Therein lies a contradiction: expanding this product yields a clearly divergent sum: the expansion will include a positive copy of $1/n$ for all $n \in \mathbb{N}$.

Answer 4

Note that we have

$$\begin{align} \log\left(1+\frac1n\right)&=\int_n^{n+1}\frac{1}{t}\,dt\\\\ &\ge\frac1{n+1} \end{align}$$

and the harmonic series diverges.

But, suppose one forgoes that comparison and instead writes

$$\begin{align} \sum_{n=1}^{2^N-1}\int_n^{n+1} \frac{1}{t}\,dt&=\int_1^{2^N}\frac{1}{t}\,dt\\\\ &=\int_1^2 \frac{1}{t}\,dt+\int_{2}^{4}\frac{1}{t}\,dt+\dots+\int_{2^{N-1}}^{2^N}\frac{1}{t}\,dt\\\\ &\ge \frac12 (2-1)+\frac14 (4-2)+\dots +\frac{1}{2^N}(2^N-2^{N-1})\\\\ &=\frac{N}{2} \end{align}$$

which goes to $\infty$ as $N\to \infty$. And we are done! .

Answer 5

This is a special case of: Suppose $f(1)= 0, f'(1) > 0.$ Then $\sum f(1+1/n) = \infty.$

Proof: From the definition of the derivative (no Taylor necessary), we have

$$\frac{f(1+h)-f(1)}{h}= \frac{f(1+h)}{h} > \frac{f'(1)}{2}$$

for small $h>0.$ Thus

$$f(1+1/n) > \frac{f'(1)}{2}\cdot\frac{1}{n}$$ for large $n.$ By the comparison test we're done.

Answer 6

"Sophisticated" does not mean "complicated". In my opinion, despite using more sophisticated ideas (asymptotic analysis), your proof is simpler than all of the other current answers — even the one expressing it as a telescoping series.

Incidentally, you possibly made an oversight: to complete the proof,

$$ \sum_{n=1}^{\infty} O\left(\frac{1}{n^2} \right) = O\left( \sum_{n=1}^{\infty} \frac{1}{n^2} \right) = O(1)$$

(also, a remark: for this argument to be valid, it's important that the $O$ on the left is uniform; e.g. the same 'hidden constant' works for all $n$)

Answer 7

You can also use the Abel's summation $$\sum_{n=1}^{N}\log\left(1+\frac{1}{n}\right)=\sum_{n=1}^{N}1\cdot\log\left(1+\frac{1}{n}\right)=N\log\left(1+\frac{1}{N}\right)+\int_{1}^{N}\frac{\left\lfloor t\right\rfloor }{t\left(t+1\right)}dt $$ where $\left\lfloor t\right\rfloor $ is the floor function.
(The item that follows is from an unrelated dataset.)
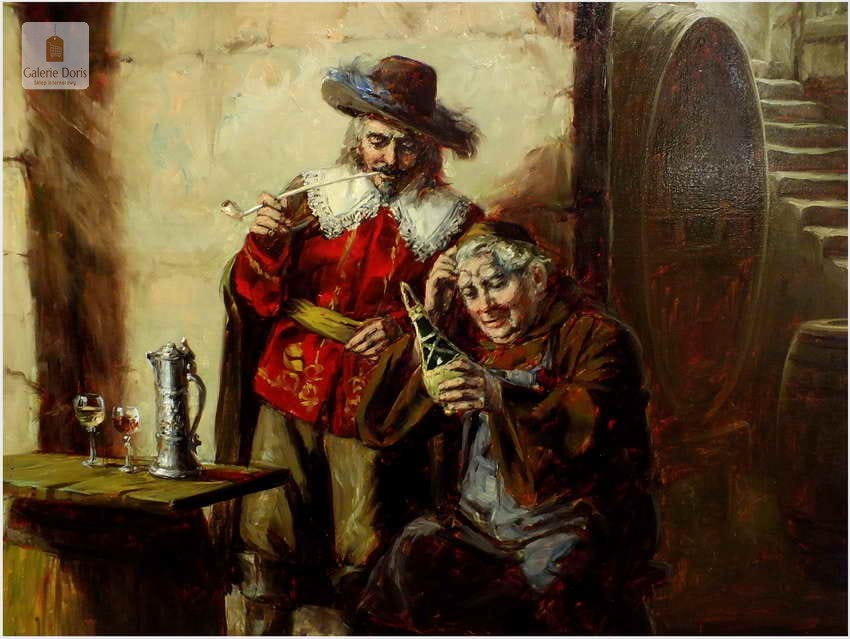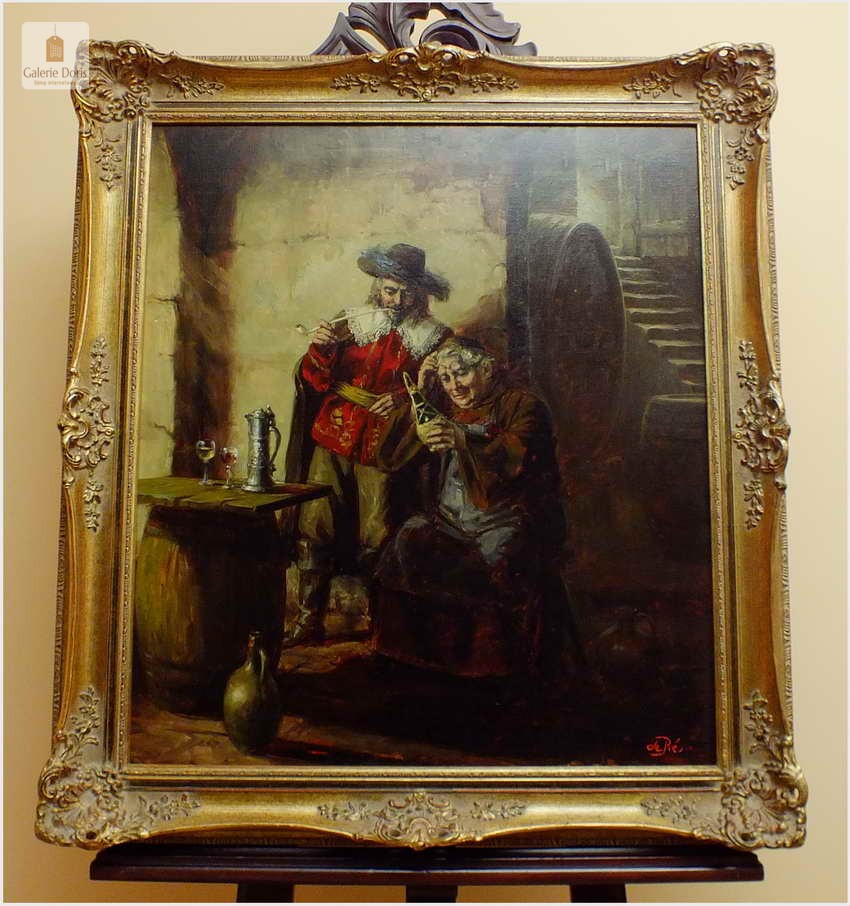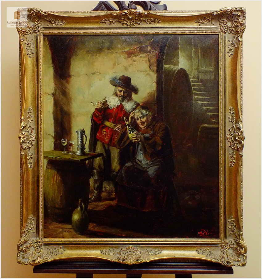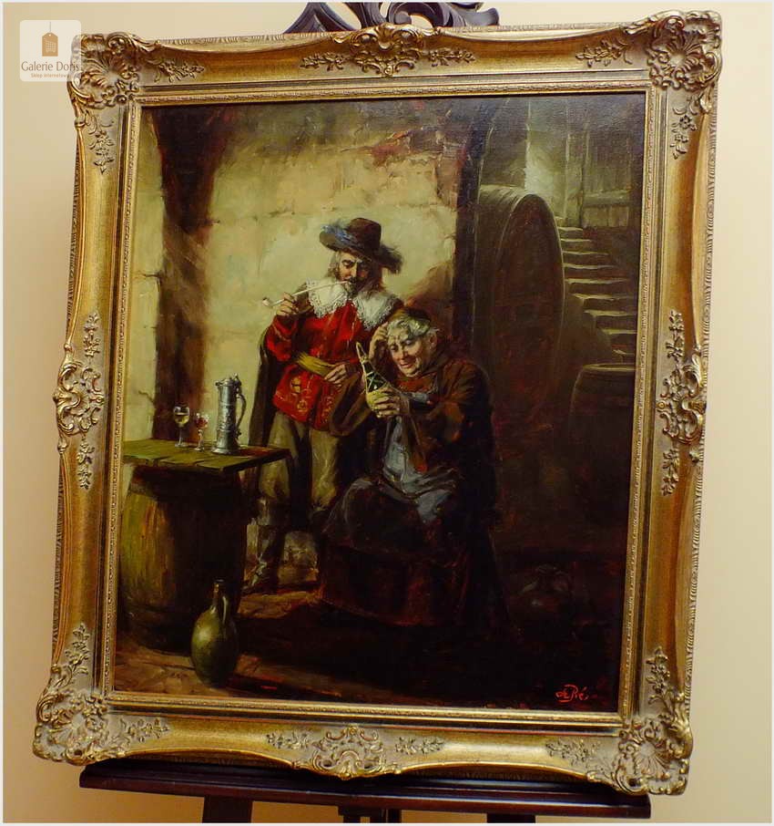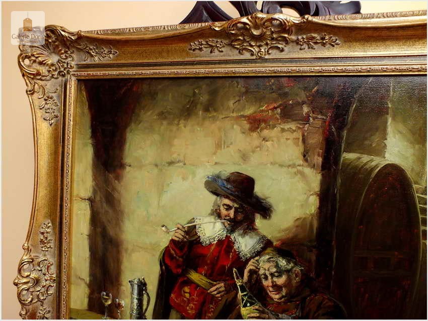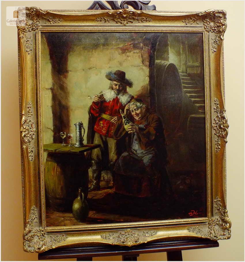 Polecamy stary obraz olejny pędzla znanego malarza niemieckiego Willi DePré. Zachwycająco oddał niesamowicie plastyczność malowanych postaci oraz ich otoczenia, całość podkreślona została finezyjnymi efektami światłocieniowymi a także wyśmienitą grą niuansów barwnych. Ten subtelnie malowany obraz cechuje znakomita technika malarska. Obraz bezpośrednio nawiązuje do dzieła XVII-wiecznego malarstwa. Oprawę malowidła stanowi przestrzenna, gruba rama wykonana z drewna. Złoconą ramę bogato dekorują kunsztowne sztukaterie. Obraz sygnowany jest w prawym dolnym rogu ramy. Gwarantujemy profesjonalnie zabezpieczoną przesyłkę kurierem.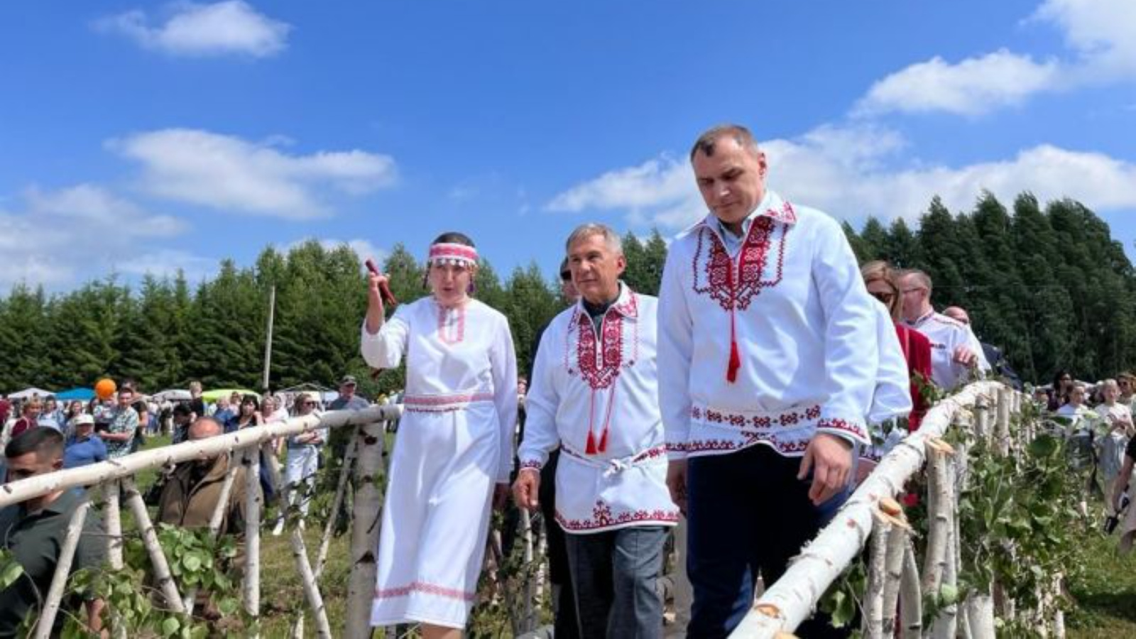 Сегодня Раис РТ Рустам Минниханов и Глава Республики Марий Эл Юрий Зайцев находятся Агрызском районе на 32-м республиканском празднике марийской культуры "Семык-2023".

Since $\left\lfloor t\right\rfloor =t+O\left(1\right) $ we have $$\sum_{n=1}^{N}\log\left(1+\frac{1}{n}\right)=N\log\left(1+\frac{1}{N}\right)+\log\left(N+1\right)+O\left(1\right) $$ and taking $N\rightarrow\infty$ we can see that the series diverges.